**About this task:**
Exactly the lines below from the line with "Xen –center에 복제된" through the line with "1月13日,怀化市生态环境局" must make up the answer, both ends included and pictures left out.

== Supplied material

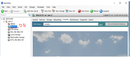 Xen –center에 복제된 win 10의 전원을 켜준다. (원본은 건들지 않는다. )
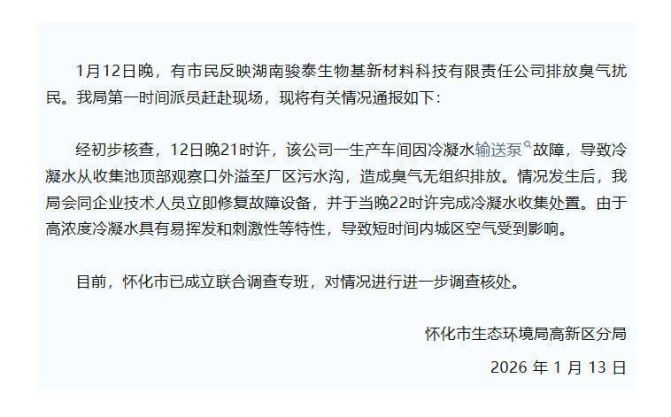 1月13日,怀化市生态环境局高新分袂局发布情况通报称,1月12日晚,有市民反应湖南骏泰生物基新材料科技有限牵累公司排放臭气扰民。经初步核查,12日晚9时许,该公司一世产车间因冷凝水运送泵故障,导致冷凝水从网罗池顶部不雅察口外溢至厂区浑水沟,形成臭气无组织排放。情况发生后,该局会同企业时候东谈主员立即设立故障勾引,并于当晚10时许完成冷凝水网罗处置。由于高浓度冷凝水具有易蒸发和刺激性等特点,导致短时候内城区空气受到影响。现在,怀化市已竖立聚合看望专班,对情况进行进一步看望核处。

====
== Supplied material

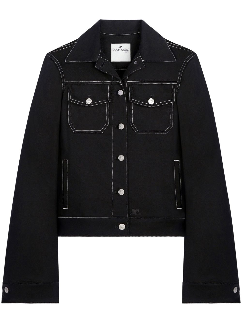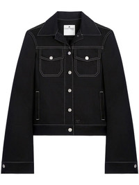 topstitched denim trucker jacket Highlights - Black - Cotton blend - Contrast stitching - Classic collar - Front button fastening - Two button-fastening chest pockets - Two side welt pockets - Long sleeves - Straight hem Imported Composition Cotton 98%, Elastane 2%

====

**Answer space:**
 Xen –center에 복제된 win 10의 전원을 켜준다. (원본은 건들지 않는다. )
 1月13日,怀化市生态环境局高新分袂局发布情况通报称,1月12日晚,有市民反应湖南骏泰生物基新材料科技有限牵累公司排放臭气扰民。经初步核查,12日晚9时许,该公司一世产车间因冷凝水运送泵故障,导致冷凝水从网罗池顶部不雅察口外溢至厂区浑水沟,形成臭气无组织排放。情况发生后,该局会同企业时候东谈主员立即设立故障勾引,并于当晚10时许完成冷凝水网罗处置。由于高浓度冷凝水具有易蒸发和刺激性等特点,导致短时候内城区空气受到影响。现在,怀化市已竖立聚合看望专班,对情况进行进一步看望核处。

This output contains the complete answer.